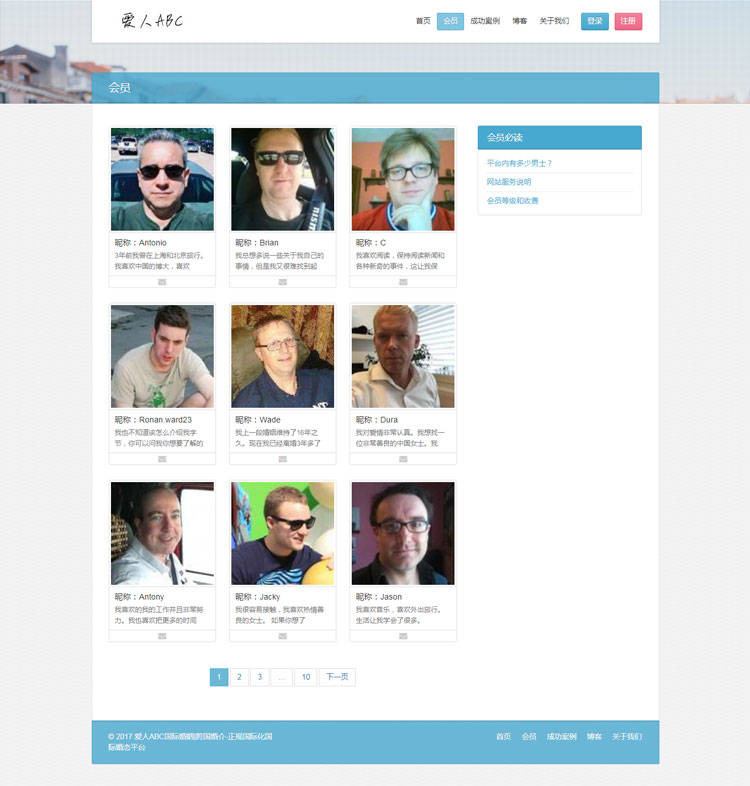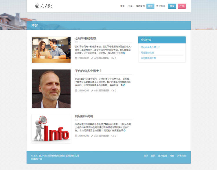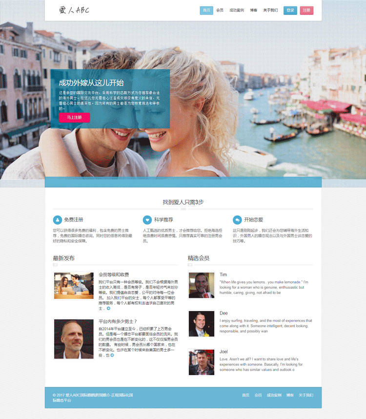 服务内容 中英文双语(分两个网站) 站内信功能 此主题的布局和配色是仿 http://demo.themex.co/lovestory/ 这个主题,应客户要求在原站样式上做了些许修改,另外在功能上增加了更加复杂的站内信功能。 成品展示
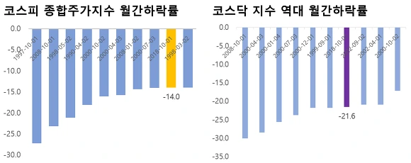 [코스피와 코스닥 이번 10월 하락률은 역대급]
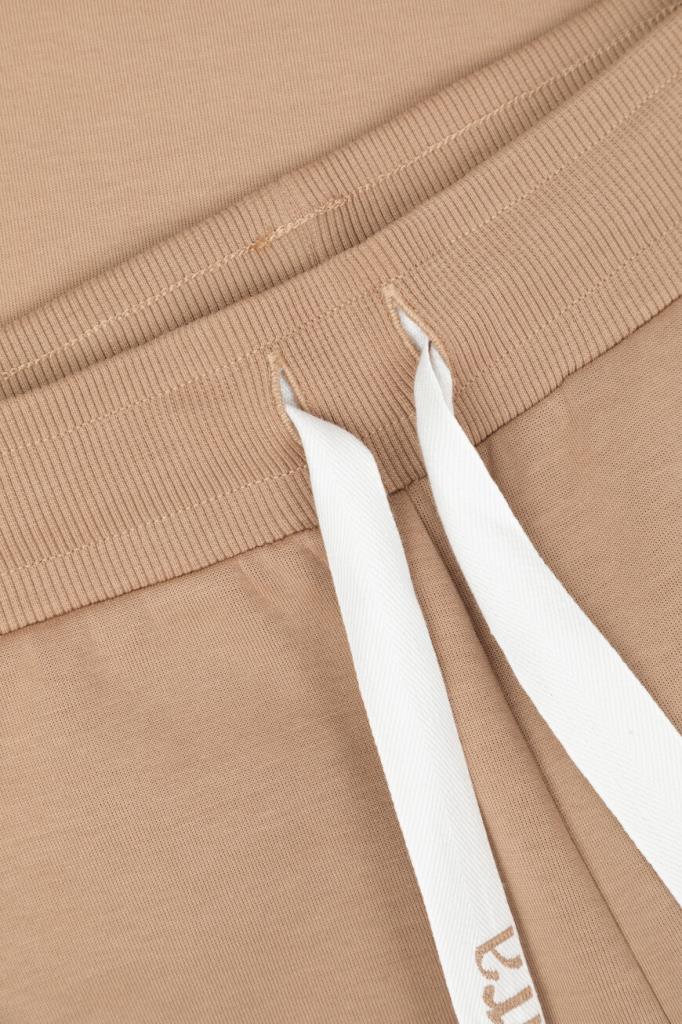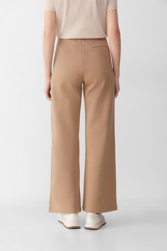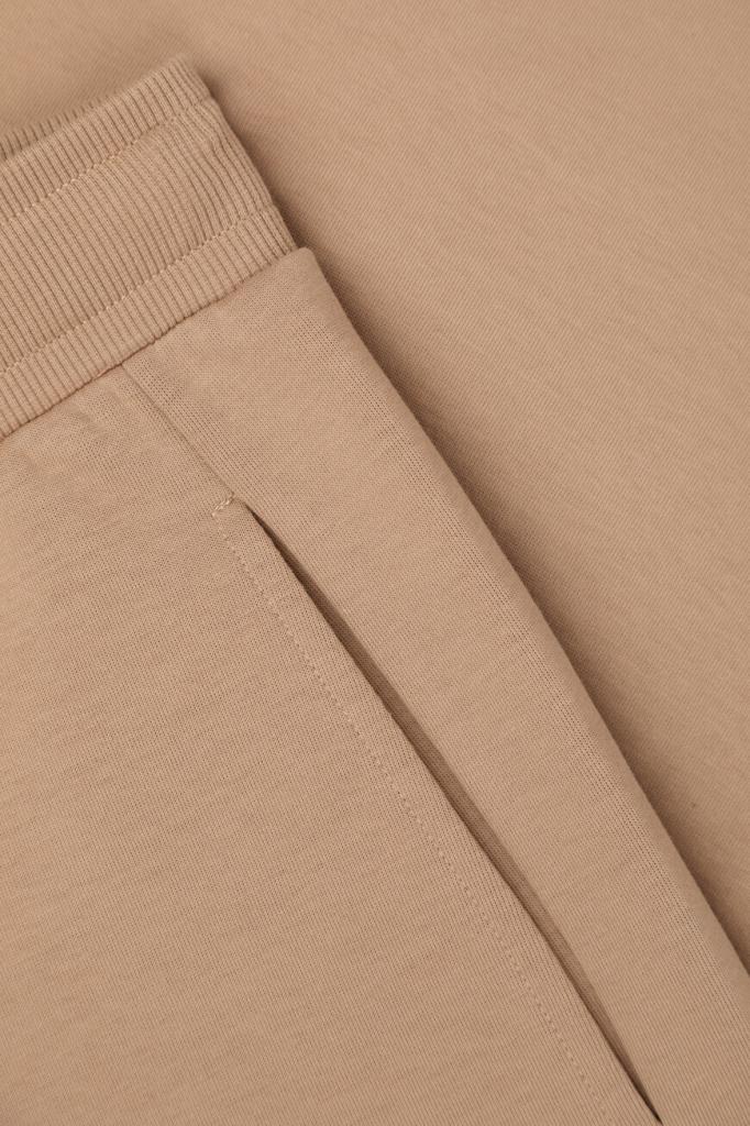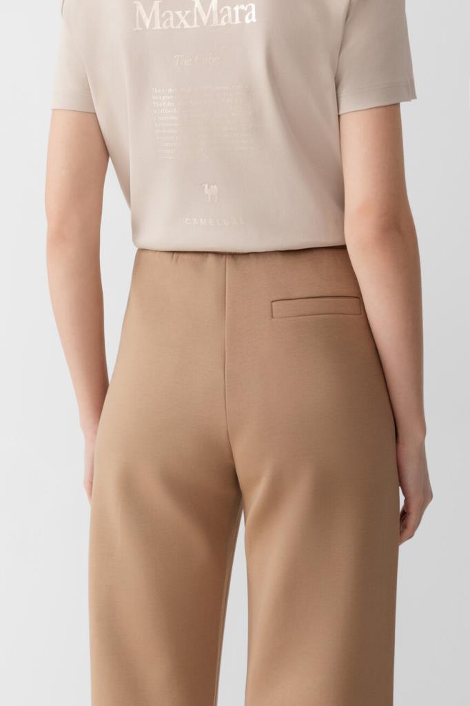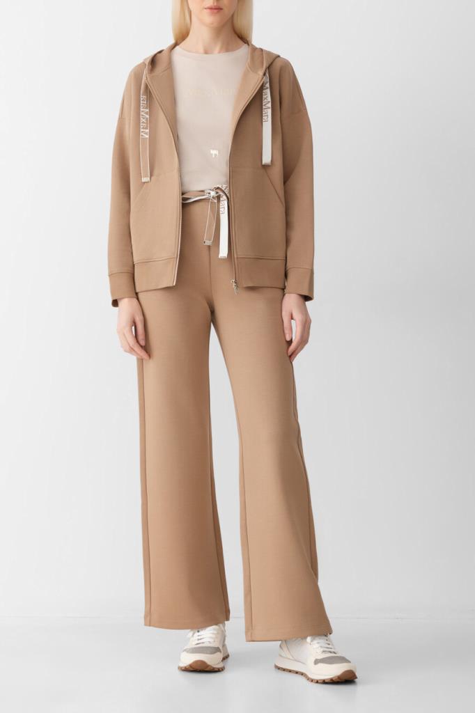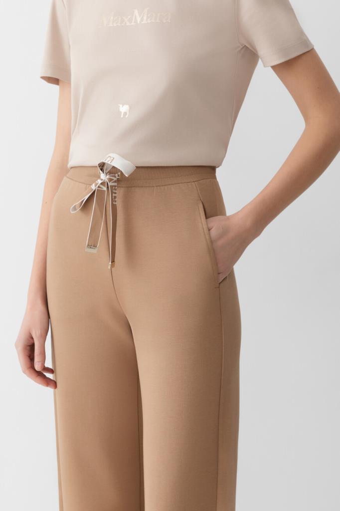 Брюки Max Mara из мягкого и приятного на ощупь трикотажа в фирменном оттенке кэмел. Свободный крой и широкие штанины не сковывают движений, а эластичный пояс с фирменной жаккардовой лентой обеспечивает комфортную посадку. Практичные детали: удобные боковые карманы по швам и задний прорезной карман. Особенно хорошо модель смотрится с толстовкой из той же коллекции бренда.
##########
§ **WHAT YOU WILL DO**: Copy every line above exactly; images stay out.

§ **SOLUTION TO THE PROBLEM**:
 服务内容 中英文双语(分两个网站) 站内信功能 此主题的布局和配色是仿 http://demo.themex.co/lovestory/ 这个主题,应客户要求在原站样式上做了些许修改,另外在功能上增加了更加复杂的站内信功能。 成品展示
 [코스피와 코스닥 이번 10월 하락률은 역대급]
 Брюки Max Mara из мягкого и приятного на ощупь трикотажа в фирменном оттенке кэмел. Свободный крой и широкие штанины не сковывают движений, а эластичный пояс с фирменной жаккардовой лентой обеспечивает комфортную посадку. Практичные детали: удобные боковые карманы по швам и задний прорезной карман. Особенно хорошо модель смотрится с толстовкой из той же коллекции бренда.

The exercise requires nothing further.